Announced back in May and available since June, Microsoft’s Productivity Score is supposedly all about “improving the Microsoft 365 experience”, but the gaff was blown a few weeks ago by Vienna-based privacy researcher Wolfie Christl in a series of tweets beginning with the claim that “A new feature to calculate ‘productivity scores’ turns Microsoft 365 into a full-fledged workplace surveillance tool.”
He goes on to detail his findings:
In a blog post, Microsoft claim that “Productivity Score is not designed as a tool for monitoring employee work output and activities”, but that’s just MS BS. If it doesn’t measure output, why call it a productivity score? And it certainly does monitor employee activities. Part of the data feeding into this “productivity score” (which doesn’t really measure productivity, remember) comes from the positively creepy Workplace Analytics API that quietly records a vast number of personal, meeting, group and organisational metrics. I counted more than 50 ‘Person Metrics’ alone, including …Employers/managers can analyze employee activities at the individual level (!), for example, the number of days an employee has been sending emails, using the chat, using ‘mentions’ in emails etc.
Showing data on individuals can be turned off, but it’s activated by default. This normalizes extensive workplace surveillance in a way not seen before.
I don’t think employers can legally use it in most EU countries. I’m sure they cannot legally use it in Austria and Germany. [or New Zealand?]
In addition, Microsoft lures companies into sharing employee data with Microsoft in order to show them how their numbers compare to the numbers of other organizations.
As a result, Microsoft gets access to a massive stack of employee data across many organizations.
This is so problematic at many levels: – Managers evaluating individual-level employee data is a no go– Any evaluation of group ‘productivity’ data can also shift power from employees to organizations– Employee self control via MyAnalytics is the first step to normalization– Not least, Microsoft gets the power to define highly arbitrary metrics that will potentially affect the daily lives of millions of employees and even shape how organizations function
- Email hours: Number of hours the person spent sending and receiving emails.

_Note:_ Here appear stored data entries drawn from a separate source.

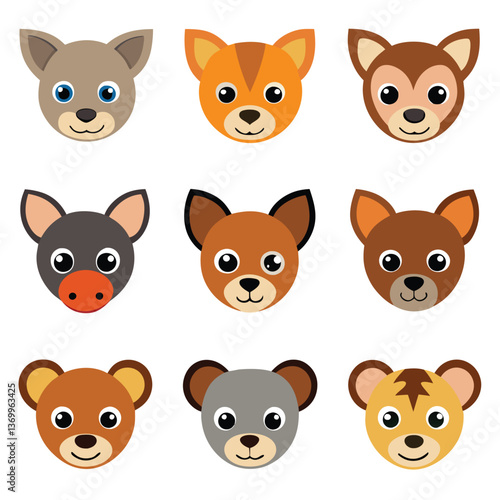 A vector set of funny cartoon cat faces, part of a larger animal icon collection
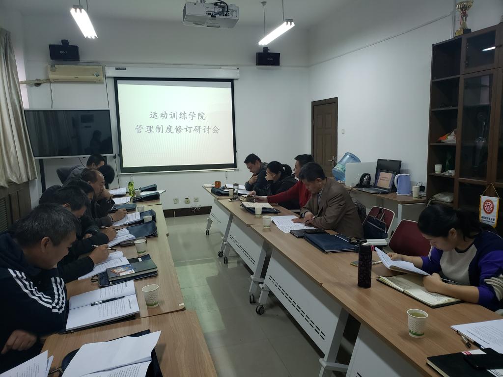 为认真学习贯彻党的十九届四中全会精神,全面落实《西安体育学院全面推进依法治校工作的实施意见》的文件精神,围绕学校第六次党代会决策部署,加快推进运动训练学院治理体系和治理能力高效化、制度化、规范化、精细化、科学化进程,进一步加强运动训练学院制度建设和创新,完善内部治理,全面推进依法治校,结合学院发展实际,2019年12月26日下午14:30分,在运动训练学院6楼会议室召开了运行训练学院管理制度修订研讨会。运动训练学院党政领导、教授、教研室主任、副主任、书记、年级办主任、办公室工作人员参加了此次会议。会议由运动训练学院院长武洛生主持。
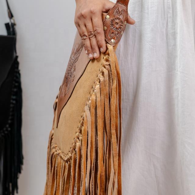Designer Women's Trendy Diamond Lattice Quilt Pattern Hand Tooled Leather Fringe Vintage Summer Winter Crossbody Fashion Zipper
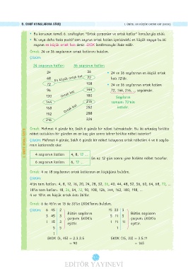 1. ÜNİTE KONU ÖZETİ Çözüm: Mehmet 4 günde, Salih 6 günde bir nöbet tutuyorsa ortak nöbetleri 4 ve 6 sayıla-
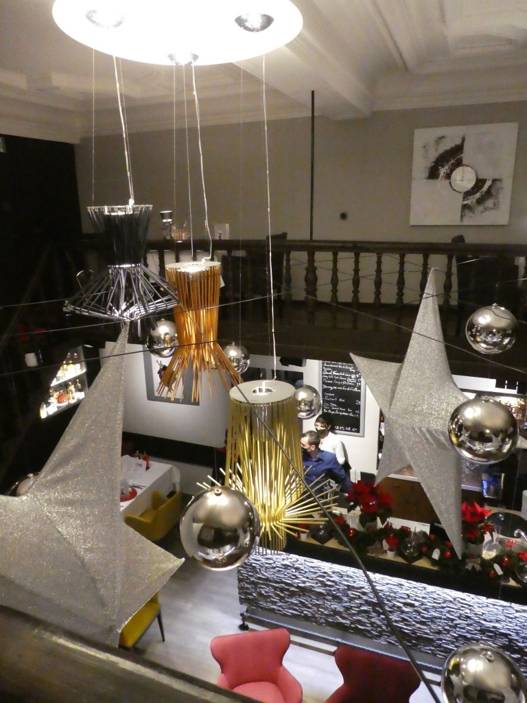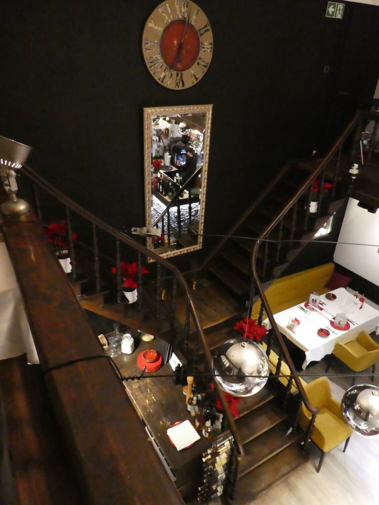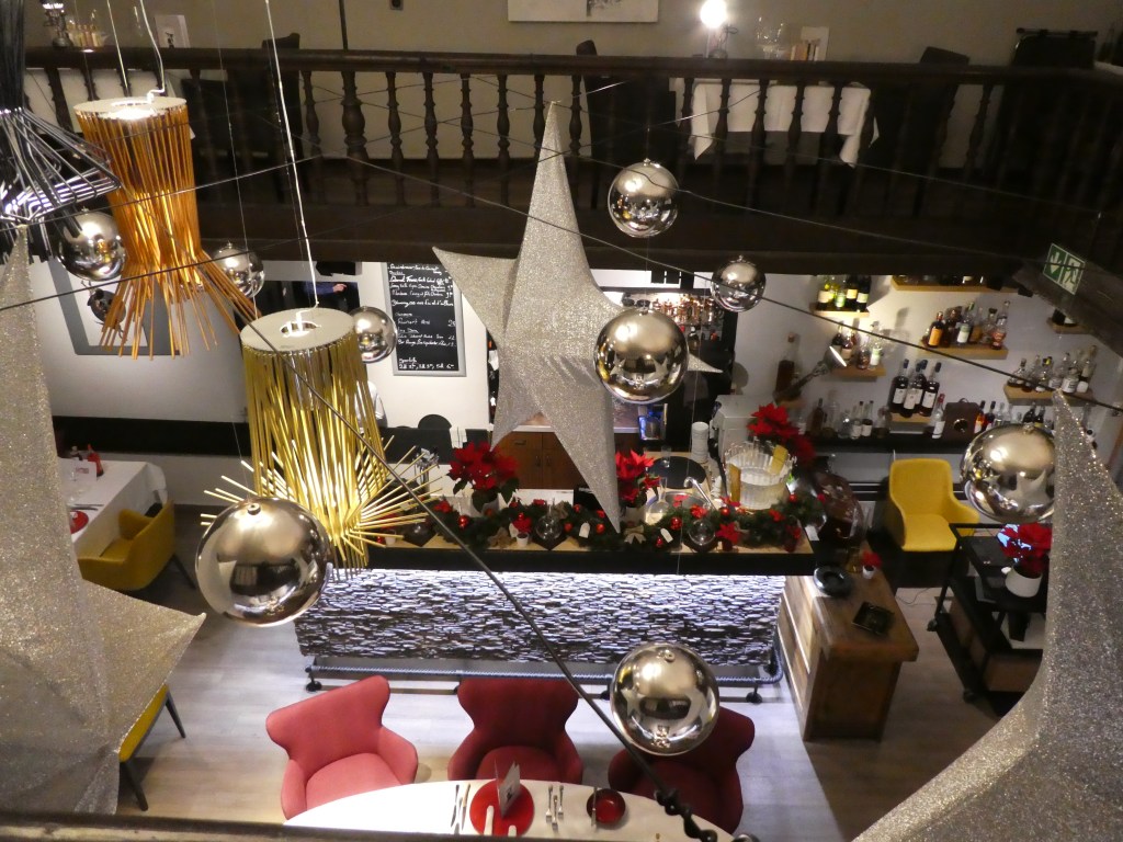 La porte franchie, on ne sait pas où poser ses yeux : le grand bar et son alignement de bouteilles au mur, les étoiles de Noël géantes accrochées au plafond, le grand escalier en bois en face de nous, tout nous interpelle. Le mobilier ancien côtoie le très moderne, dans un joyeux méli-mélo coloré. Au moment de nous asseoir, nous avons le choix entre la salle principale au rez-de-chaussée, une salle séparée ou à l’étage supérieur, dans la galerie. Avec mon compagnon, nous nous décidons pour la galerie, car on le sait, d’en haut tout est plus beau! Nous gravissons les marches de bois qui craquent sous nos pieds. Nous voilà installés à une jolie table, avec une vue en contre-bas, comme à l’opéra. On ne vous cache pas qu’on a guigné dans les assiettes des voisins.

- External network size: The number of people external to the company with whom the person had at least two meaningful interactions in the last four weeks.
- Total email sent during meeting: Number of emails the person sent during meetings.
… and …
- Workweek span: The time between the person’s first sent email, meeting attended, or Teams call or chat, and the last email, meeting, call, or chat for each day of the work week.
Just because you can measure this shit doesn’t mean that you should – or that it’s meaningful or even useful.
Jacob Silverman, author of Terms of Service: Social Media and the Price of Constant Connection, sums it up in this piece on the TNR website:
Whether any of this tracking and scoring actually offers real insight—rather than obscure metrics that don’t actually measure real-world productivity—is almost secondary to the fact that it’s now embedded in the tools used by millions of people every day. Its presence, and potential profitability as a bountiful source of granular personal data, means that Microsoft is incentivized to sell Workplace Analytics as a work-from-home solution. Whether Microsoft can hone a people-centered, scientific, analytical platform here—or whether it’s so much apophenia, finding patterns and meaning where there may be none—is mostly a matter of salesmanship. If managers see the magical numbers on the dashboard going up (and can tell their managers that), who’s to say that Workplace Analytics doesn’t work, much less that it violates worker privacy, autonomy, and trust?
…
While Workplace Analytics offers new capabilities for nosy managers, it’s also emblematic of a powerful economic logic undergirding surveillance capitalism: that all this human behavioral data is being created anyway, so we might as well collect it and try to derive something useful from it. To employers, that may seem like a valuable opportunity. But it will expose workers to yet another opaque system that may affect their pay or professional standing. This is not harmony: It’s an existential threat.
Footnote: This post was composed on LibreOffice Writer (a free, open source, non-spying word processor) running on Ubuntu Linux (a free, open source, non-spying operating system).